Reste la question de départ : pourquoi cette curieuse épopée, sous cette forme, à cette époque, en France ? Pavel propose deux hypothèses explicatives. Il rappelle, d’une part, que la philosophie française, depuis la fin du dix-neuvième siècle (1), est restée à l’écart des grands débats qui ont agité la pensée européenne à propos du langage scientifique et des normes formelles de l’expression vraie. Couturat, et plus tard Cavaillès et Lautman, font figure d’isolés, La France de Boutroux, de Blondel et de Bergson ignore superbement Frege, Russell et Wittgenstein. Elle demeure coupée de l’Europe de Carnap et de Neurath, de Tarski et de Popper – elle ne les découvrira qu’un demi-siècle plus tard, en les croyant, d’abord.... “ anglo-saxons ” ! Par le biais d’une linguistique simplifiée, déjà largement dépassée, et, qui plus est, arrachée à son contexte, la pensée française se serait donné, avec les moyens du bord, l’illusion de rattraper ce quelle a cru être son retard – tout en évitant de verser dans l’abomination “ positiviste ”. Telle est, en très gros, la première hypothèse explicative.

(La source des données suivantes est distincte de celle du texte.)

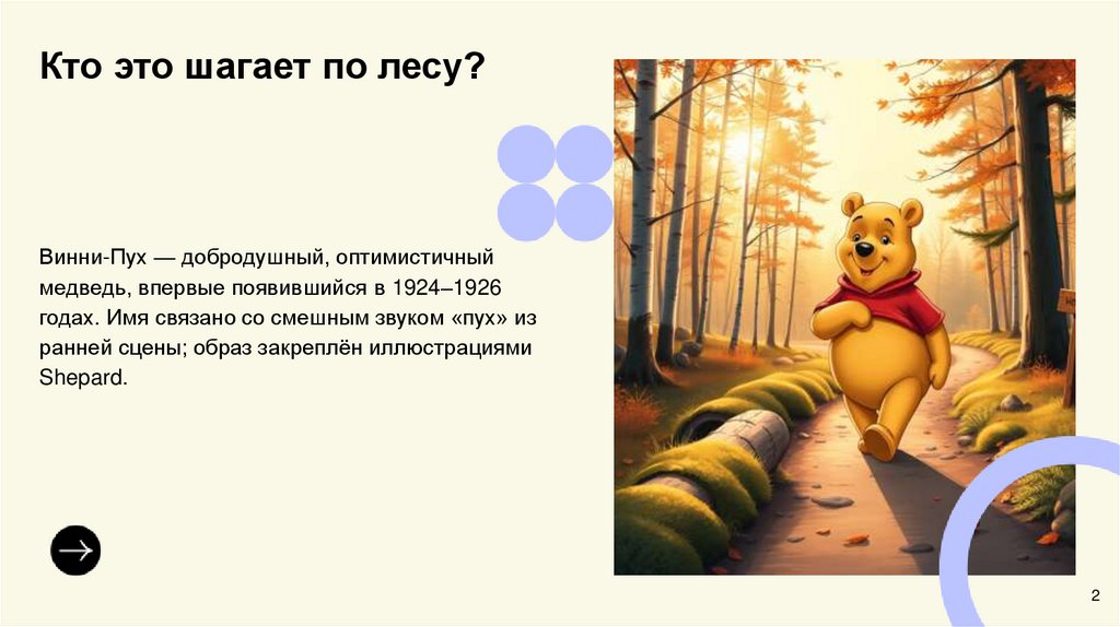 Кто это шагает по лесу?Винни-Пух — добродушный, оптимистичный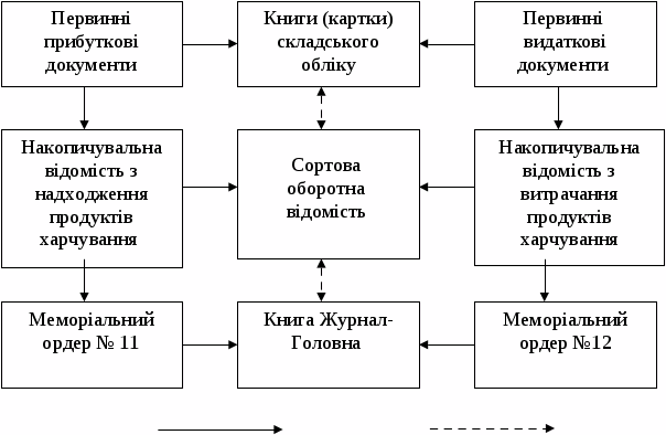 Мають особливості побудова і порядок ведення меморіальні ордери №11 “Зведення накопичувальних відомостей про надходження продуктів харчування ф. № 398 (бюджет) і № 12 “Зведення накопичувальних відомостей про витрачання продуктів харчування” ф. № 411 (бюджет). Схема обліку продуктів харчування приведена на рис.3.

Elle ne suffit pas à comprendre pourquoi cette entreprise rencontra un tel succès... international. D’où une seconde hypothèse, qu’on pourra juger plus “ lourde ” (ou plus “ légère ”) : en période de forte croissance, les sociétés libérales toléreraient une plus grande part d’arbitraire de la part des intellectuels. Ceux-ci, poussés à des comportements discrétionnaires, se livreraient aux joies du gaspillage, de la pensée aléatoire et aux charmes excessifs du potlatch. Pour séduisante qu’elle paraisse, cette dernière explication demanderait à être plus solidement étayée. Sinon, elle s’expose au risque d’être jugée aussi gratuite que les excès dont elle prétend rendre raison.
Le Mirage linguistique est un livre aride. Les oasis d’humour y sont aussi belles que rares. Mais s’y aventurer vaut la peine ; ce n’est pas souvent qu’une telle puissance iconoclaste affecte ce genre d’acuité sereine.
(1). Pour une analyse sociologique de la philosophie française à cette période, on se portera à l’ouvrage de Jean-Louis Fabiani, Les Philosophes de la République (Éditions de Minuit, 1988).